Le gouvernement mauricien semble avoir repris sa réflexion à ce sujet. Nous sommes toujours dans la ligne du développement durable avec le développement des transports en commun et le choix entre l’option métro-léger ou les couloirs de bus. Les deux solutions ont leur raison d’être. Il faut faire un choix en tenant compte des coûts d’investissement, des coûts de fonctionnement, des prévisions de trafic , notamment. Le métro léger est une solution attractive mais contraignante et coûteuse. Il faudra par exemple voir d’où vient l’électricité nécessaire à son fonctionnement. Que le choix se porte sur le métro-léger ou les bus, si on nous demande un appui, nous sommes prêts à aider au financement du projet choisi. Compte tenu de sa taille, cet investissement devrait faire intervenir d’autres bailleurs de fonds comme La Banque européenne d’investissement ou la Banque mondiale.

? L’AFD contribue à améliorer les capacités commerciales de Maurice. Comment opérez-vous ?

Il s’agit, grâce à une ligne de dons, d’aider le pays à être plus compétitif à travers ses associations et institutions professionnelles. Une subvention de 1,5 million d’euros a identifié un certain nombres d’actions : renforcement d’ Entreprise Mauritius. Cette association a ainsi pu former des cadres à l’exportation. Nous avons mis en place un partenariat avec Ubifrance pour la formation des cadres. Un partenariat entre l’Université de Maurice et l’Université du Havre a été également développé dans la logistique pour l’enseignement, la création de diplômes et la formation professionnelle. L’AFD aide également le Mauritius Standard Bureau à se mettre aux normes internationales et à nouer des partenariats avec des institutions françaises similaires.

? L’AFD veut renforcer les relations entre Maurice et La Réunion. Sur quel type de projets peut-on baser cette synergie ?

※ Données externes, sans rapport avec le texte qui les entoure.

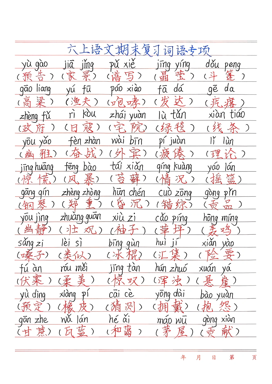 5. 习作:不用写整篇,重点练写人、记事、写景的片段,记2个万能开头结尾模板(如引用诗句、总结抒情),积累人物动作、语言描写素材。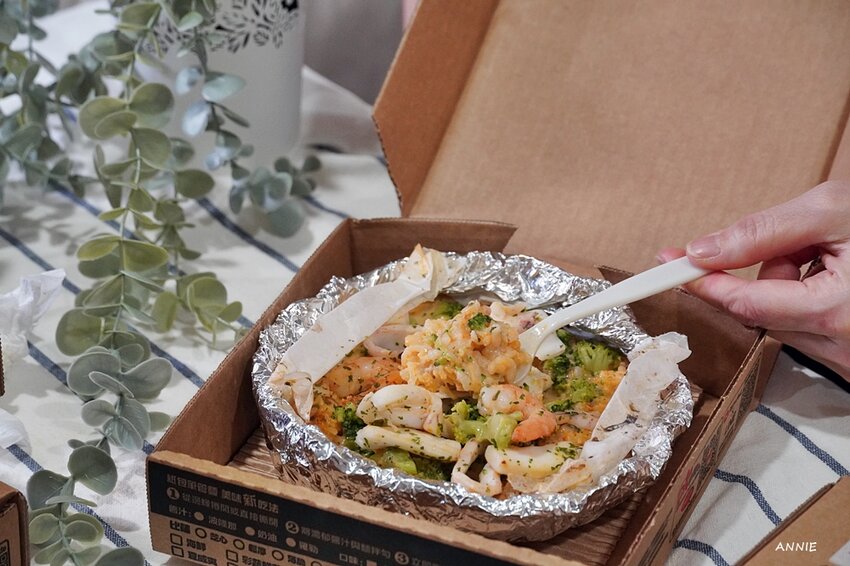 撕開上層的紙包部分超療癒的,滿版的配料全鋪在燉飯上,飽滿鮮蝦、魷魚圈、花椰菜,雙重醬汁交融著香濃莫札瑞拉起司,一打開香氣撲鼻而來,視覺與嗅覺都達到完美的境界。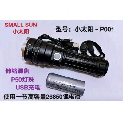 小太阳P001伸缩调焦USB充电P50灯芯超亮户外垂钓夜骑锂电强光手电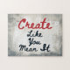 A lovely art themed typographic piece with the words "Create Like You Mean It". It's beige and grey with black and red text and white accent beneath the quote.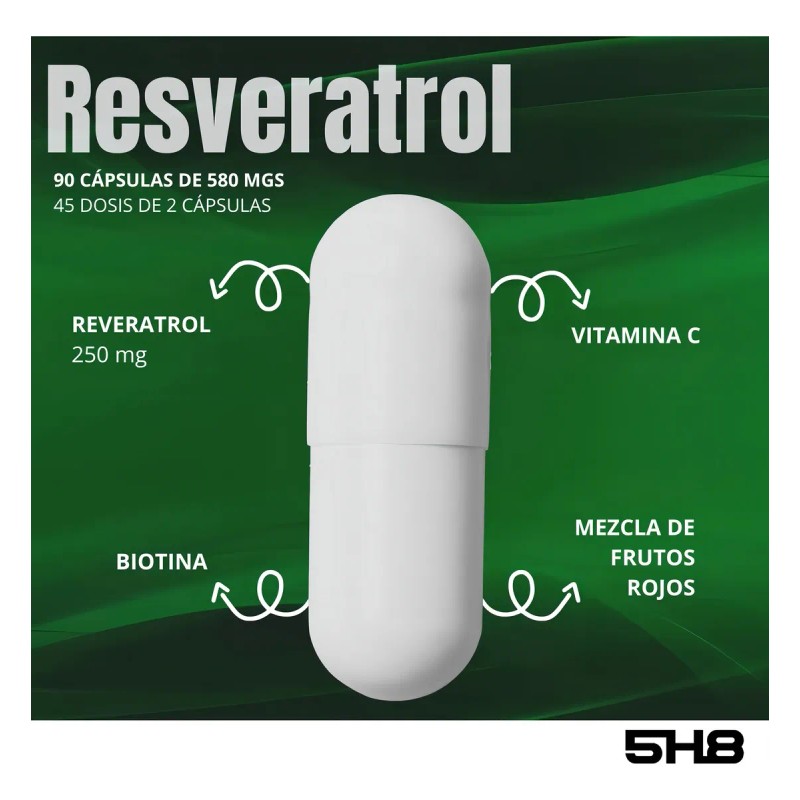 5H8 Resveratrol 250 mg con Frutos Rojos y Biotina: Tu Elixir Antioxidante para una Belleza y Vitalidad Duraderas
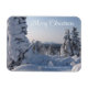 Un hermoso paisaje de invierno nevado con el texto "Feliz Navidad" y una plantilla para el nombre de la familia. La foto fue tomada en el desierto de Lappland, al norte de Finlandia.
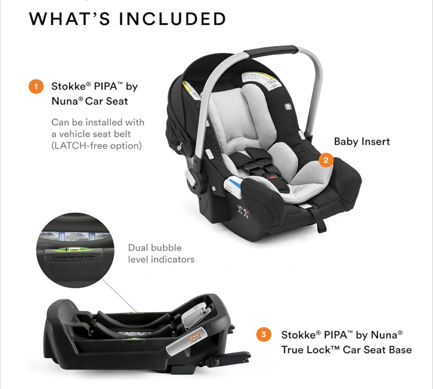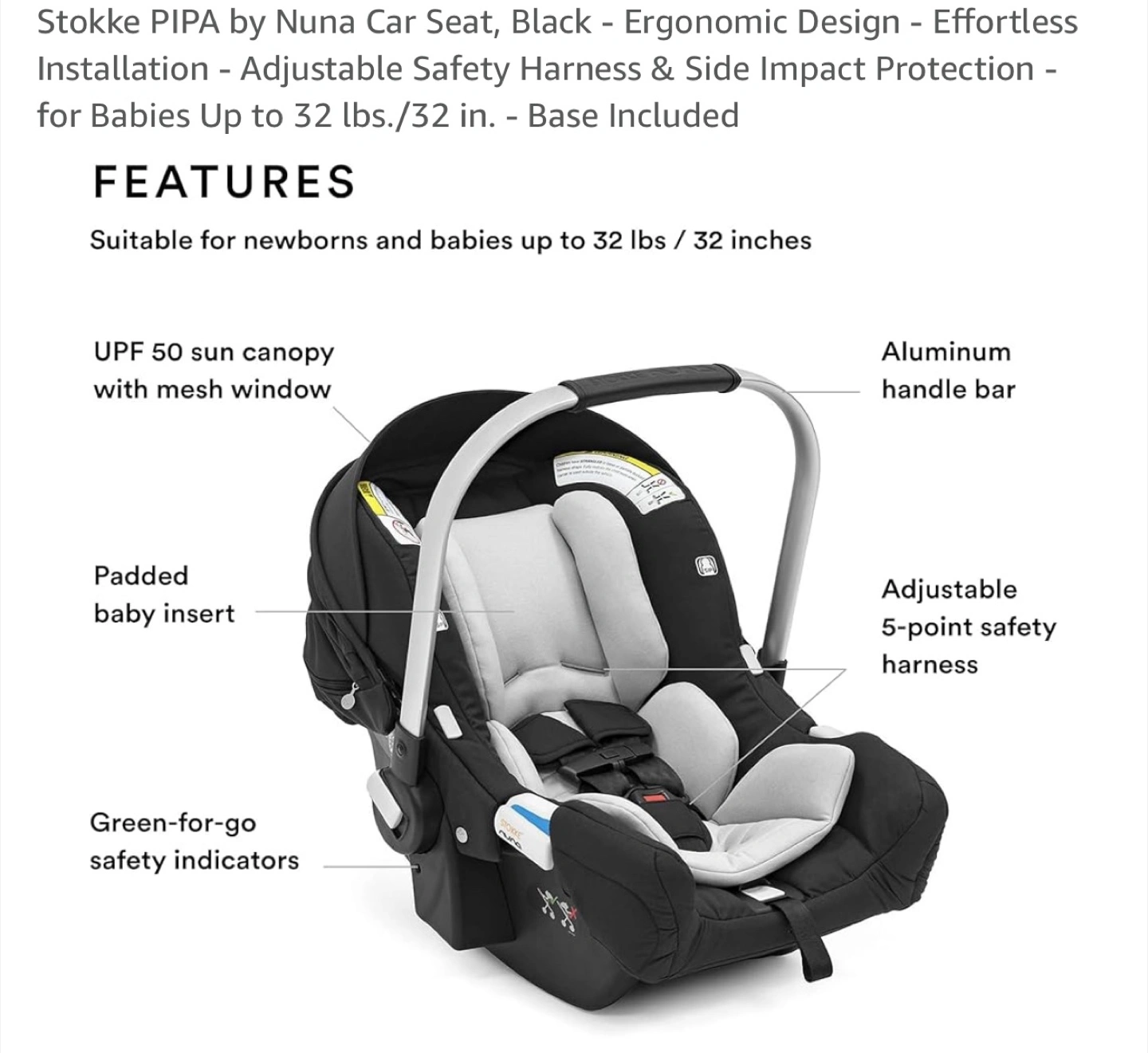 Stokke PIPA by Nuna Car Seat, Black - Ergonomic Design - Effortless Installation - Adjustable Safety Harness & Side Impact Protection - for Babies Up to 32 lbs./32 in A car seat, suitable for newborns and babies. Includes a base with dual bubble level indicators and a sun canopy with a mesh window. A perfect item to keep your little one safe on all your travels.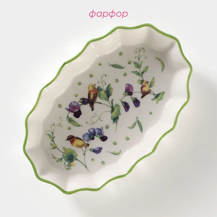 Форма для запекания Доляна «Зелёный сад», 360 мл, 19.5×12.5×3.5 см, фарфор, белая — Характеристики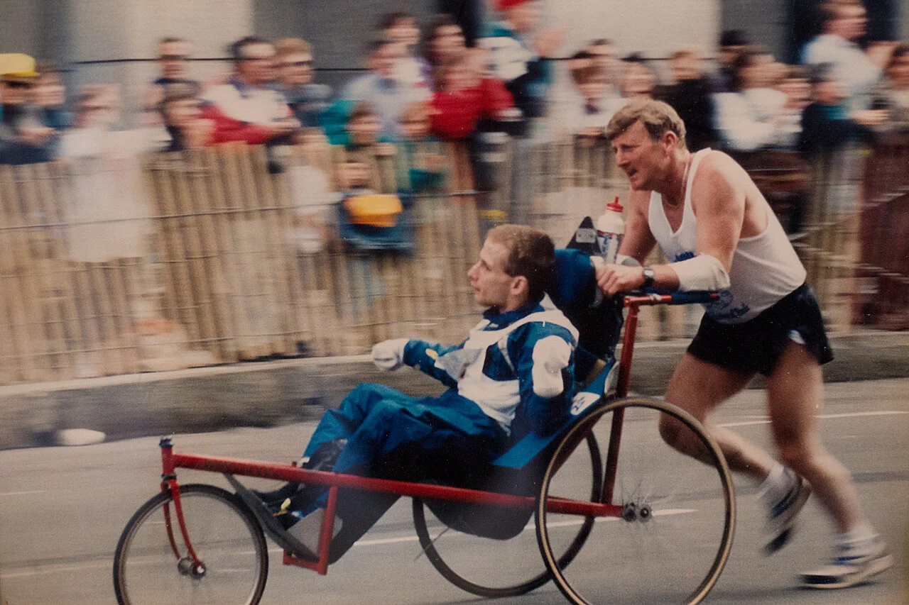 These are uncertain times and marathons are being temporarily put on hold. The artist Mike Tabor has created a smaller version of the life-size “Yes You Can” statue of Dick and Rick Hoyt that was installed in Hopkinton, MA. He feels now more than ever the importance of this inspirational piece. Mike Tabor Studio will be donating a portion of profits from the sales of “Yes You Can” to the Hoyt Foundation. The piece measures 14 ½ in length x 6 in wide x 9 ½ in tall and is in bronze with a walnut base. The pre-orders will sell for $1900 and will take around 9 weeks to fulfill. Orders can be placed at the following link. Please read the inspiration that goes with this inspirational bronze. Thank you for your continued support of Dick and Rick and all of those who benefit from the Hoyt Foundation.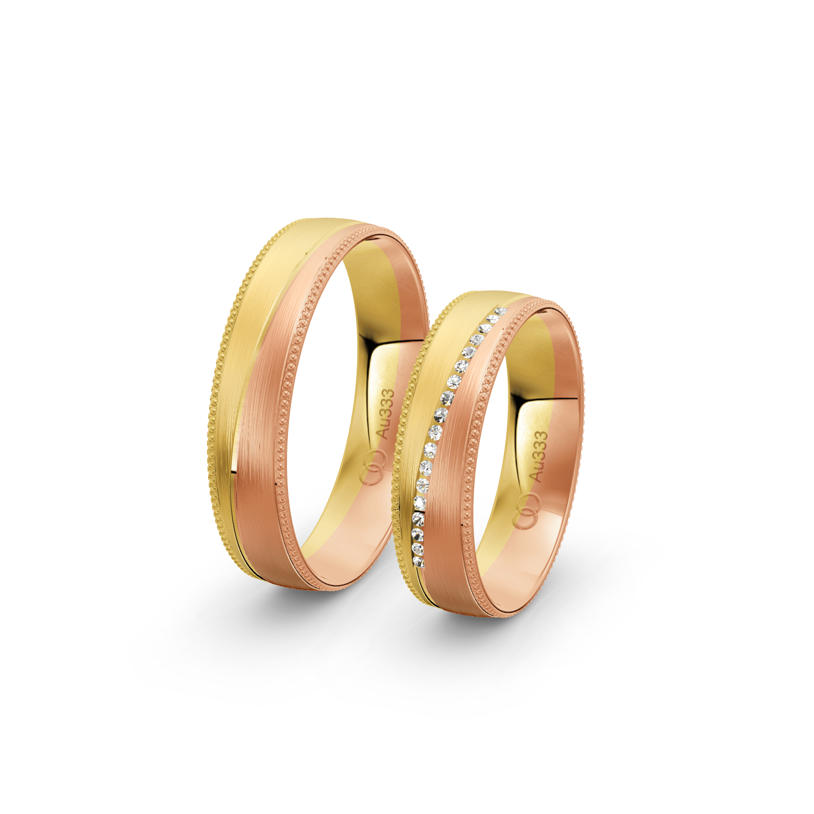 8 Ayar Renkli Altın Çift Alyans BMA-MK91-GNYY-2
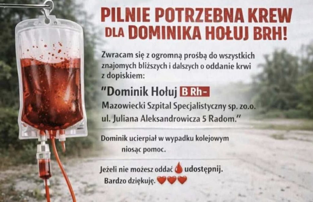 Dziś jednak najważniejsze pozostaje jedno: realna pomoc. Apel o krew dla Dominika Hołuja wciąż jest aktualny, a każda oddana jednostka może przybliżyć go do powrotu do zdrowia.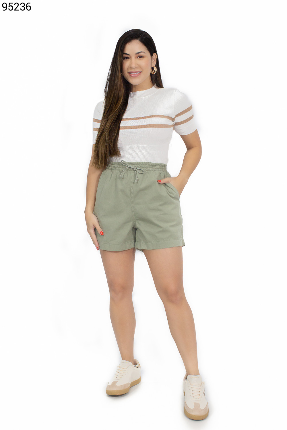 Ref.95179Shorts Feminino com Elástico No Cós E Bolso Faca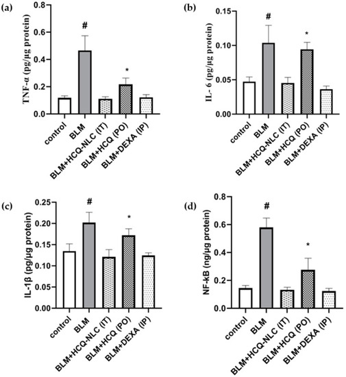 Reduction in pro-inflammatory cytokines (a) TNF-α; (b) IL-6; (c) IL-1β and (d) NF-κβ following treatment with various HCQ formulations. # Significant (p < 0.05) versus all groups. * Significant (p < 0.05) versus the control group and HCQ-NLC group Reprinted with permission from Ali AS. et al. Polymers (Basel). 2022 July; 14(13): 2616 [81]. Copyright 2022 MDPI.

La réunion des Etats généraux de l’Outremer a conclu à la nécessité pour les départements d’Outre-mer français de se lancer dans un développement plus endogène. Il s’agit pour eux de mieux s’intégrer dans leur environnement géographique et économique. Pour La Réunion, le partenaire le plus évident, c’est Maurice. Le secteur privé a déjà tissé des liens entre les deux îles. Là aussi, l’AFD mise sur le développement durable, car il s’agit d’une problématique très consensuelle. La Réunion est en avance sur certains domaines et peut partager ses expériences. Les normes réunionnaises peuvent servir à Maurice, par exemple dans les chauffe-eau solaires. Sur ce créneau, Maurice connaît un problème d’homologation et doit former des techniciens. Nous développons des collaborations entre l’Association pour le développement industriel de La Réunion et le Joint Economic Council. Un audit sur les gros consommateurs d’électricité mauriciens est ainsi en cours. L’Agence de l’environnement et de la maîtrise de l’énergie de La Réunion coopère également dans plusieurs domaines avec Maurice. Nous travaillons aussi sur une offre touristique complémentaire.